The Israeli Prime Minister, Benjamin Netanyahu, who had just addressed the opening session of the UNGA, vowed on his return home to launch a “harsh offensive” to counter the rising violence described as “lone wolf” attacks against Israelis.

The Palestinians in the occupied West Bank, which Israel conquered in 1967, would be temporarily barred from occupied Jerusalem, where some 300,000 Palestinians already live — a third of the city’s population. He also announced that the new measures would include speeding up the razing of homes of Palestinian attackers and banning those who incite violence from the city.

Systematic violation

The bloodshed, which included a drive-by shooting that killed an Israeli couple in the West Bank and an arson attack that killed a Palestinian toddler and his parents in July, has triggered concerns of wider escalation.

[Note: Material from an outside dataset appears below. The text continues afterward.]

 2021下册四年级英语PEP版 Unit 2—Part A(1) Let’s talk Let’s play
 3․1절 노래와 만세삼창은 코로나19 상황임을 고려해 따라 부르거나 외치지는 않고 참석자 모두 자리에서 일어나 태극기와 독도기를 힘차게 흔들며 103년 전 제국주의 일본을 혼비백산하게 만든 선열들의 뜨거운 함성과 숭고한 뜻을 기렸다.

Israel’s bestselling newspaper, Yedioth Ahronoth, published a front-page headline that read ‘The Third Intifada’, though the violence has not reached the levels of past Palestinian uprisings.

When Palestinian President Mahmoud Abbas addressed the UNGA last week, he dropped a “bombshell” — that the Palestinians cannot continue to be bound by the 20-year-old Oslo Accords and their accompanying security and economic agreements with Israel.

He also accused Israel of systematic violation of the Oslo Accords and a stubborn attempt to finally do away with the two-state solution.

The options that the Palestinians have are limited even if Abbas reportedly told the Palestine Liberation Organisation’s Executive Committee last Tuesday that he wanted a political solution “using peaceful means and nothing else”. His only condition was that Israel fulfil its promise to release the last group of Palestinian detainees who were jailed before the Oslo Accords and to stop illegal colony expansion into Palestinian Territories.

George S. Hishmeh is a Washington-based columnist. He is 
a former editor-in-chief of the Daily Star.